Menzies council resumes legal action against man in caravan ‘unfit for human occupation’
Legal action against a West Australian man who has been in a standoff with his local council for five years has resumed three months after it was deemed “not reasonable” to pursue during the coronavirus pandemic.
- Roland Gopel has twice been convicted of illegal camping
- Menzies council has resumed legal action, which was on hold due to the pandemic
- Mr Gopel says he would be homeless without the caravan
Roland Gopel has lived off the grid in a caravan on property he owns on the outskirts of Menzies in the northern Goldfields since 2015.
But his dilapidated property and caravan continue to fall foul of local government regulations, with two previous convictions for illegal camping.
The 61-year-old found himself back in hot water with the Shire of Menzies last year after building a shade structure over his caravan without a permit.
The steel-framed structure sheltered the leaky caravan from scorching summer temperatures of close to 50 degrees Celsius.
It collapsed during heavy winds but Mr Gopel was adamant he would rebuild, despite potential fines of up to $50,000 for breaching the Building Act.

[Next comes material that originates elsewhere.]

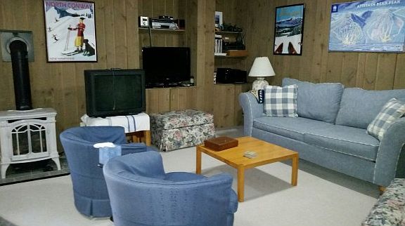 Bring your friends and family and let the fun begin. 4 bedrooms, 3 baths, 2 kitchen areas, sunshine fills the living area which is warmed by a huge stone fireplace. Walk out to a lovely back yard area and enjoy a winter view. Minutes to Mt. Cranmore or a short walk to North Conway village for morning coffee or shopping. A great entry with built in's organize skis and supplies for fun. A bedroom and bath on each level insures everyone relaxes in comfort.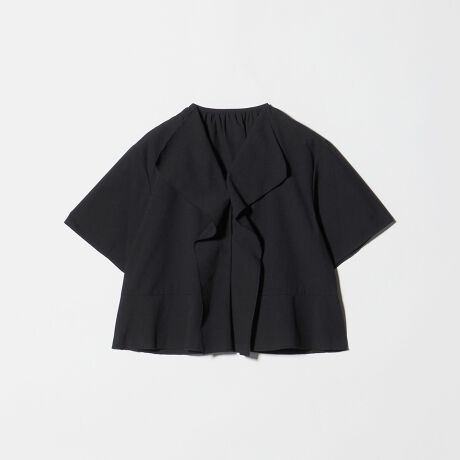 大きく波打つラッフルが軽やかなムードのシャツブラウス

Mr Gopel says the shade structure took a month to erect and 10 seconds for a willy-willy to knock down.(ABC News: Rhiannon Stevens)
The Shire of Menzies engaged a Perth legal firm in February, but put the action on hold in April amid the coronavirus crisis.
“It was determined that serving the building order just as the emergency management provisions were being implemented due to COVID-19 was not a reasonable thing to do at that time,” environmental health officer David Hadden wrote in a July 30 report to council.
But McLeods Barristers and Solicitors, acting on the council’s behalf, issued Mr Gopel a building order on July 2 to demolish the shade structure and remove the caravan from the property within 30 days.
Stand-off set to continue
Mr Gopel said he would not comply with the order, and said that he had not opened the envelope delivered by council staff.
“The bullies keep pushing and pushing and they will not stop unless more people like me stand up to them,” he said.
Roland Gopel has installed his own solar power system, water tanks and internet.(ABC Goldfields: Jarrod Lucas)
He said he had nowhere else to go, calling the council hypocritical for delaying the legal action.
“One minute they tell me I can stay here, and the next they tell me I must not stay here,” Mr Gopel said.
“It’s the only home I have … if I didn’t have this, I would be homeless.
“What is council saying? It’s mandatory for me to be homeless?”
Caravan ‘unfit’ for human occupation
In a letter to the council, McLeods Barristers and Solicitors said the caravan appeared to be falling apart, with one of its walls having become detached.
The firm described the caravan as “unfit for human occupation”.
Shire of Menzies president Greg Dwyer admitted the legal action would be costly, but said the council had no choice but to enforce local government regulations.
“We’re caught between a rock and a hard place,” he said.
“We have been delegated through the State Government to progress certain regulations, the building code and so forth.
“We just have to progress the law.”
Menzies is more than 700 kilometres north-east of Perth.(ABC Goldfields: Jarrod Lucas)
Round three of legal fight
The shire’s two previous legal battles with Mr Gopel were over breaches of the state’s Caravan Parks and Camping Ground Act 1995.
In August 2017, Mr Gopel was fined $1,000 and ordered to pay $1,745.50 in court costs.
Less than a year later, in March 2018, he was fined $1,000 and ordered to pay $3,000 in costs.
Mr Gopel has refused to pay the fines, while his financial situation has become more dire since he refuses to be part of the Federal Government’s cashless debit card trial for welfare recipients in the Goldfields.
He has been unable to pay his council rates and is concerned the shire may try to seize his land as well.
“It’s hard to pay your rates when you’re getting $20 a week to live on,” he said.
Greg Dwyer admits the legal action will be costly.(Supplied: Shire of Menzies)
Mr Dwyer said Mr Gopel’s refusal to pay fines or comply with any direction of the council or courts could lead to a scenario that ended badly for the grey nomad.
“Maybe eventually he goes to jail over non-payment of fines,” Mr Dwyer said.
“It’s a terrible situation in the long run, but Mr Gopel is sticking to his guns on that.
“I suppose time will tell where it all ends up.”